A partir de aquí no recuerdo prácticamente nada. Sometida como estaba a un estado emocional tan inestable y tras la experiencia que fue pasar por aquel extraño ritual. Pero, por lo que me contaron, lo que salió de la crisálida que se formó a mi alrededor fue un enorme ser monstruoso, compuesto de oscuridad, con varios brazos, cuernos y ojos blancos. Esa “forma” que me fue otorgada por mis deseos de venganza peleó contra aquella araña, que no resultó ser otra que Nephila Clarimonda, otra de los Dioses de la Oscuridad, que vino con intenciones de devorarme mientras me encontraba vulnerable y reclamar para ella el Eclipse.
Sin embargo, aquello no pareció calmar la furia en mi interior. El odio y las ansias de destruirlo todo me habían consumido, como si el mundo sin Miryssierth sencillamente no debiese existir para nadie ya. Aún me espanta pensar que habría pasado si las cosas hubiesen seguido por ese camino. Afortunadamente, la única persona en el mundo que podía aplacar dichos sentimientos no se encontraba lejos.

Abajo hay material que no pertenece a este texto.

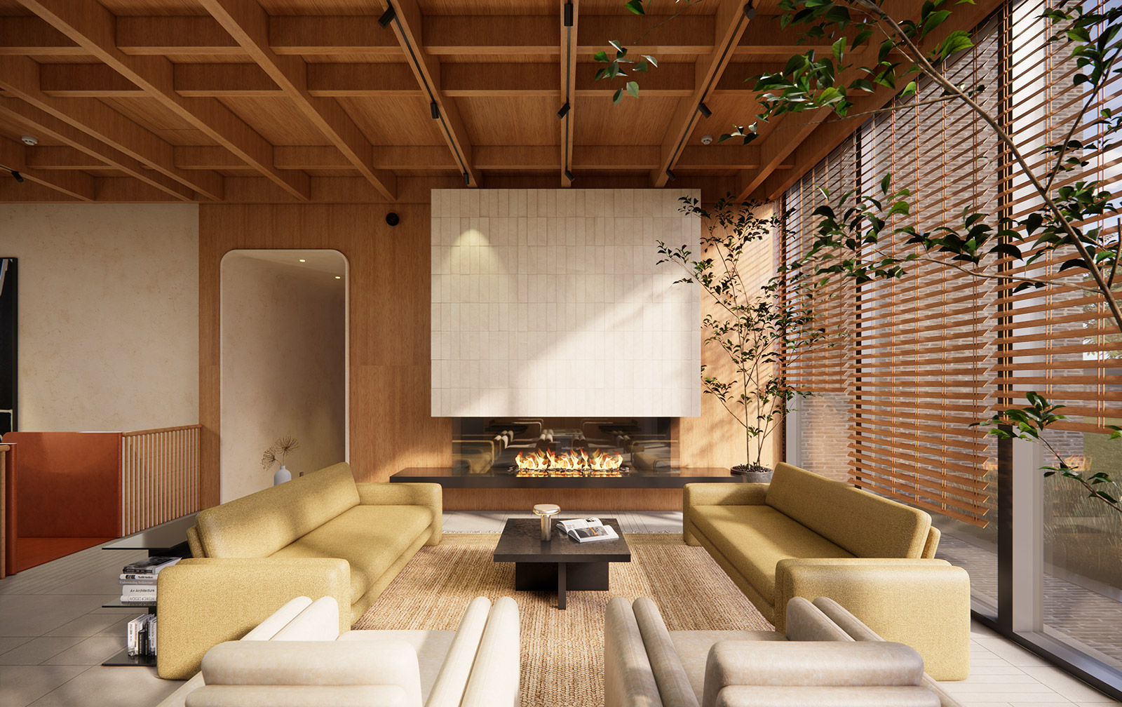 Лобби в квартале МИРА – это атмосфера спокойствия и размеренности. Концепция воплощает в себе гармоничный переход от внешнего мира к внутреннему, соответствуя общей идее проекта.

Fue así como, cuando en mi mente todo era caos, que de una de esas estrellas en el firmamento de mi consciencia se iluminó más que nunca, justo al lado de una cuya luz titilaba débil, moribunda. De aquella intensa luz pude ver a Cidira, la cual cayó al mar de oscuridad turbulenta, luchando con todas sus fuerzas por nadar hacia su interior, hasta el centro del mismo donde se encontraba mi propia alma furibunda. Las aguas parecían dañar y corroer a Cidira a más profundamente iba, intentando repeler a la intrusa, pero bien se yo que hace falta más que eso para disuadir a una mujer como ella.
Finalmente, ella me alcanzó y rodeó con sus brazos mi espíritu, acunándome, consolando mis sentimientos. Aún puedo sentir la calidez que sentí si pongo mi mano sobre mi pecho, reconfortante, aliviadora, sincera. Las aguas se empezaron a calmar a medida que el cruel ardor de la ira fue sustituyéndose por esa calidez. Una paz que volvió a reinar en el mar de oscuridad que era mi interior.
Fue entonces que volví a abrir los ojos y a ver el mundo por mí misma. Pude sentir como los rayos del sol bañaban mi cuerpo. Miré al cielo, contemplando como Eclipse había concluido y la Luna se estaba retirando por completo, dejando que el Sol recuperase el breve reinado que tenía en Deloran dos o tres veces por año. Bajé la mirada, contemplando a Flora, con una mezcla de horror y preocupación en su mirada, mirándome mientras atendía a una desmayada Cidira y una dragona destrozada.
Miré mis manos, sintiéndolas diferentes, mechones muy largos de cabello oscuro caían desde mi cabeza por mi espalda, ondeándose al viento. Pude ver como algunas plumas negras eran llevadas por la brisa. Algo había cambiado en mí. Pero, lo más importante fue que, cuando volví la mirada una última vez hacia los cuerpos de Cidira y Miryssierth, pude ver como ambas seguían respirando. Con dificultad, pero seguían respirando.
Lo último que recuerdo es caer hacia atrás, sintiendo el mayor alivio en mi corazón que alguien puede sentir, dejando que la inconsciencia se me llevase.